Devant la porte de l’auberge, un carrosse arrêté, avec son conducteur sur le siège. Sur le perron, Nicolette blême, raidie dans l’angoisse de l’attente. En avant et en arrière, des groupes d’hommes et de femmes effarés d’épouvante. De l’autre côté de la route, la mystérieuse maison ! Le château enchanté ! Sa grande porte éventrée. Et en bas, des madriers, des barres de fer, des haches...

Capestang comprit. Il marcha à la porte défoncée. Il ne dit pas un mot, ne demanda rien à personne, il ne poussa pas un cri ; mais ses yeux jetaient une singulière lueur comme phosphorescente ; ses lèvres se retroussaient, montrant les dents aiguës ; on eût dit un mufle de lion.

Et du lion il avait la marche en bonds souples, élastiques, tranquilles et furieux tout ensemble - le formidable déploiement d’une force formidable tendue jusqu’à ce point extrême où l’homme parfois s’écroule, le cœur crevé.

Capestang ne tira pas son épée. Les gens qui étaient là le virent se baisser avant d’entrer, sans comprendre ce qu’il faisait. Puis il disparut dans l’intérieur.

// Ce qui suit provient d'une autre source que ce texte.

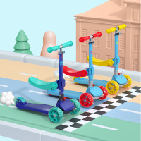 儿童滑板车3轮闪光溜溜车折叠大号划板车男女童喷雾踏板车发光水晶轮星辰皓
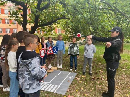 На зустрічі діти разом із поліцейськими повторювали дорожні знаки, а також вивчали жести регулювальника. Окрім того, діти ознайомилися із комплектацією службового автомобіля.
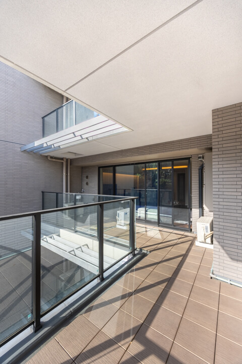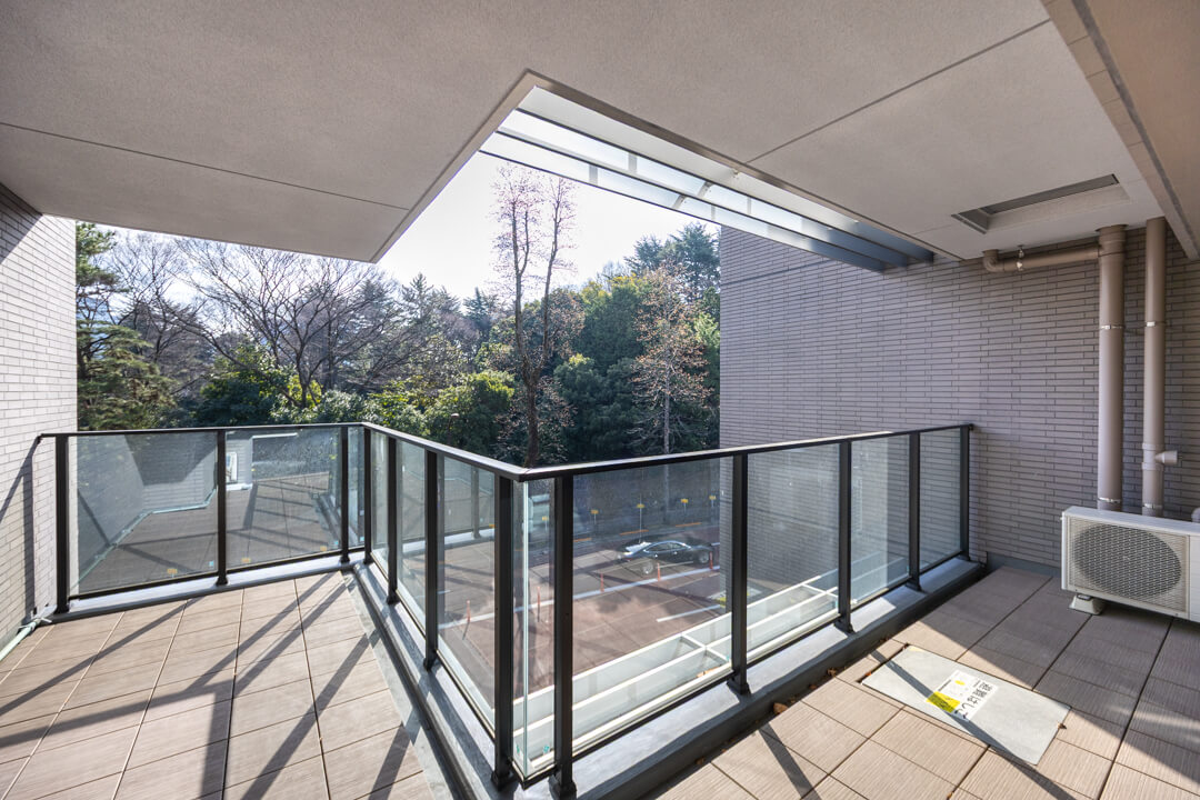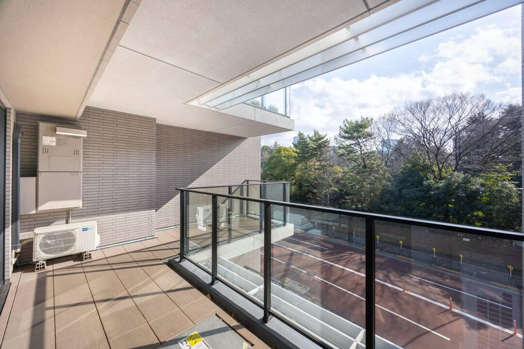 リビングダイニングに面したテラスバルコニー。約17.68㎡ほどゆとりある広さです。バルコニー手すりが透明で、景色を遮らず開放的。蛇口が付いているので植物の水やりなどに便利です。バルコニーからは赤坂御用地(迎賓館)の緑が望め、自然を身近に感じられます。
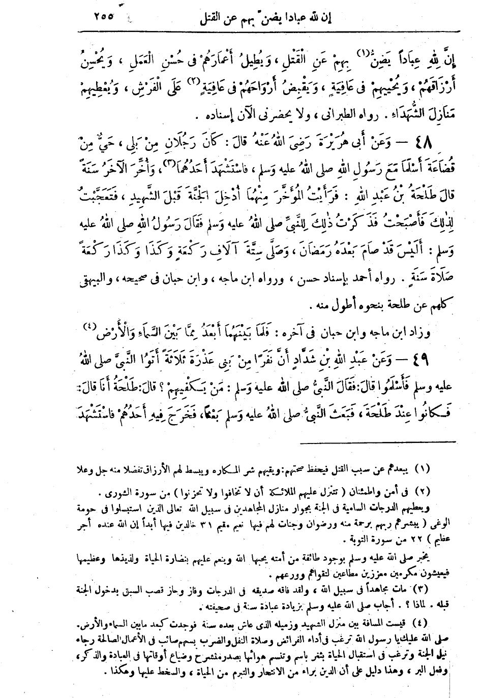 48 - وَعَنْ أَبِي هُرَيْرَةَ رَضِيَ اللهُ عَنْهُ قالَ: كَانَ رَجُلانِ مِنْ بَلي، حَيٌّ مِنْ قُضَاعَةَ أَسْلَمَا مَعَ رَسُولِ اللهِ صلى اللهُ عليه وسلم، فاسْتَشْهَدَ أَحَدُهُمَا (¬3)، وَأُخِّرَ الآخَرُ سَنَةً قالَ طَلْحَةُ بْنُ عَبْدِ اللهِ: فَرَأَيْتُ الْمُؤَخَّرَ مِنْهُمَا أُدْخِلَ الْجَنَّةَ قَبْلَ الشَّهِيدِ، فَتَعَجَّبْتُ لِذلِكَ فأَصْبَحْتُ فَذَكَرْتُ ذَلِكَ لِلنَّبِيِّ صلى اللهُ عليه وسلم فَقَالَ رَسُولُ اللهِ صلى اللهُ عليه وسلم: أَلَيْسَ قَدْ صَامَ بَعْدَهُ رَمَضَانَ، وَصَلَّى سِتَّةَ آلافِ رَكْعَةٍ وَكَذَا وَكَذَا رَكْعَةً صَلاةَ سَنَةٍ رواه أحمد بإسناد حسن، ورواه ابن ماجة وابن حبان في صحيحه والبيهقي كلهم عن طلحة بنحوه أطول منه،
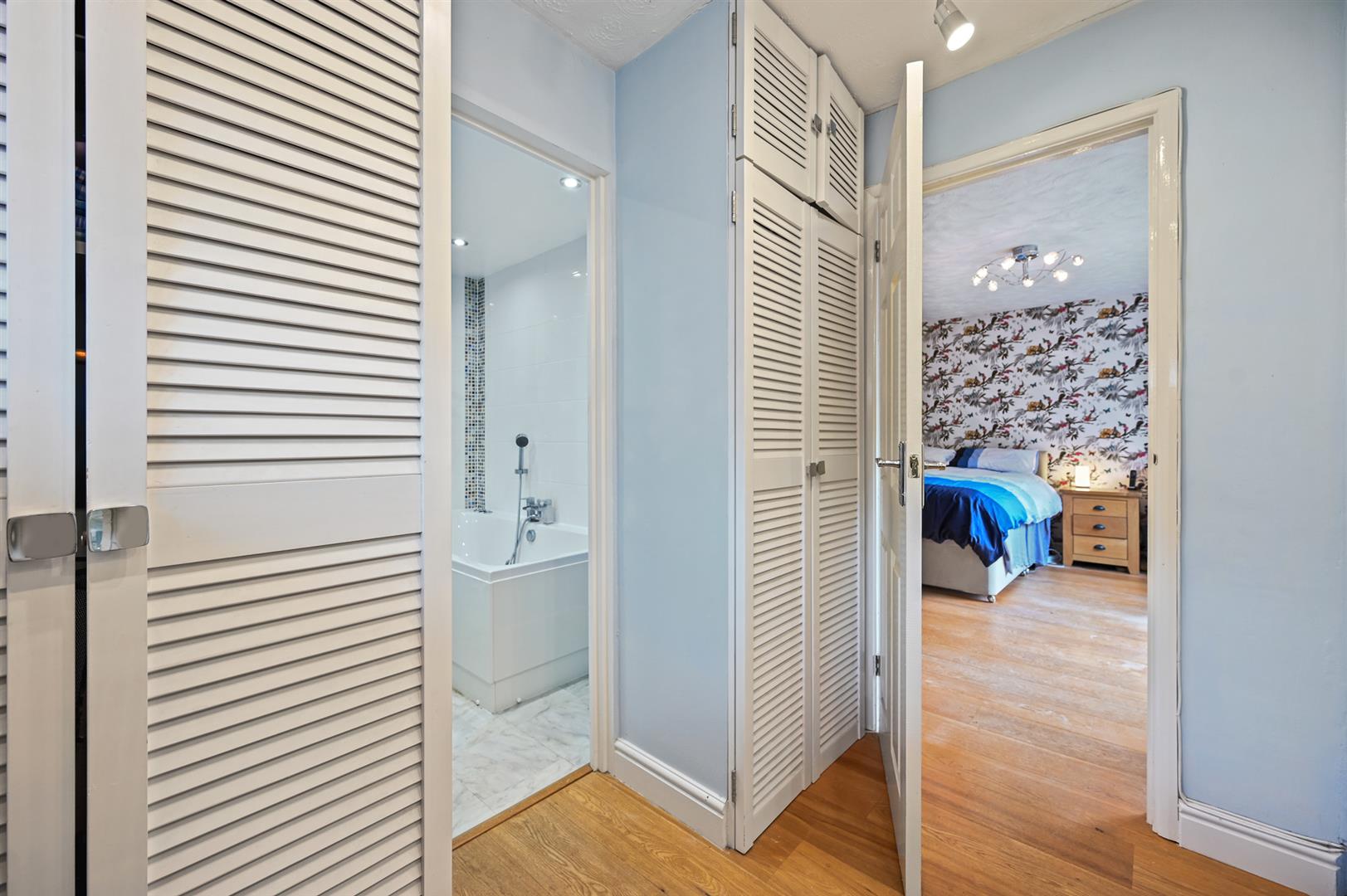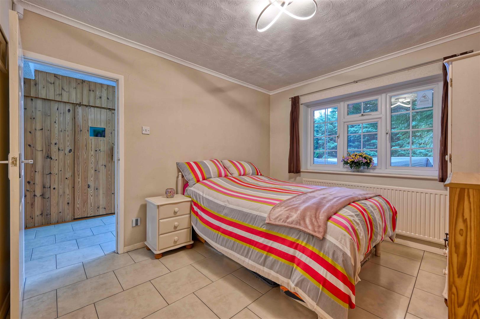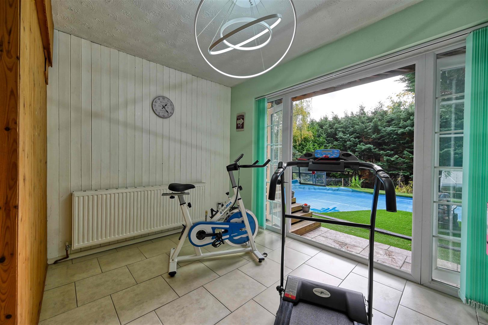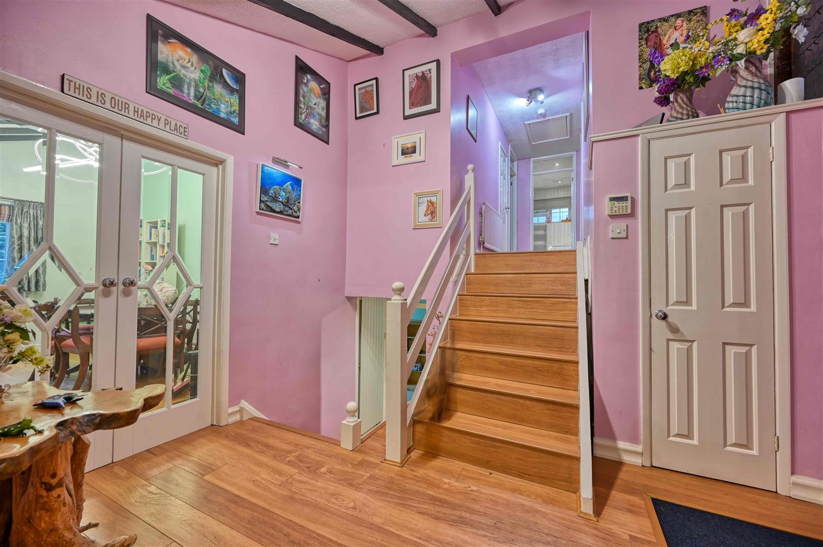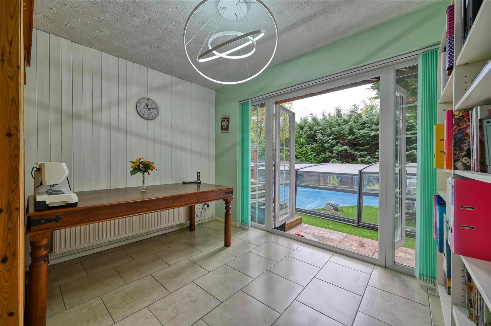 The overall plot extends to 0.29 of an acre and is approached by a driveway leading to the garage and bordered by an elevated garden visible from the kitchen and could be re-landscaped to create a formal garden. To the rear is a secluded south facing garden, with ample space for entertaining, as well as a feature garden with and a water feature and stream. The centre piece is the recently refurbished and covered swimming pool with a retractable cover, this allows all year round use. The majority of the garden is low maintenance with artificial lawn.

Capestang, disions-nous, s’était baissé : il avait cueilli au passage, d’une seule main, une monstrueuse barre de fer qui avait tout à l’heure exigé la manœuvre de deux hommes. Cette masse de fer, il ne la sentait pas dans sa main. Elle ne lui pesait pas. Sans doute n’eût-elle pas pesé davantage, même deux fois plus lourde. Dans ces effroyables minutes, d’inconcevables phénomènes s’accomplissent. Il allait d’un pas égal. Mais un souffle court et rauque lui brûlait les lèvres. Et parfois, de sa poitrine, fusait une clameur furieuse : « Giselle ! Me voici ! Giselle ! »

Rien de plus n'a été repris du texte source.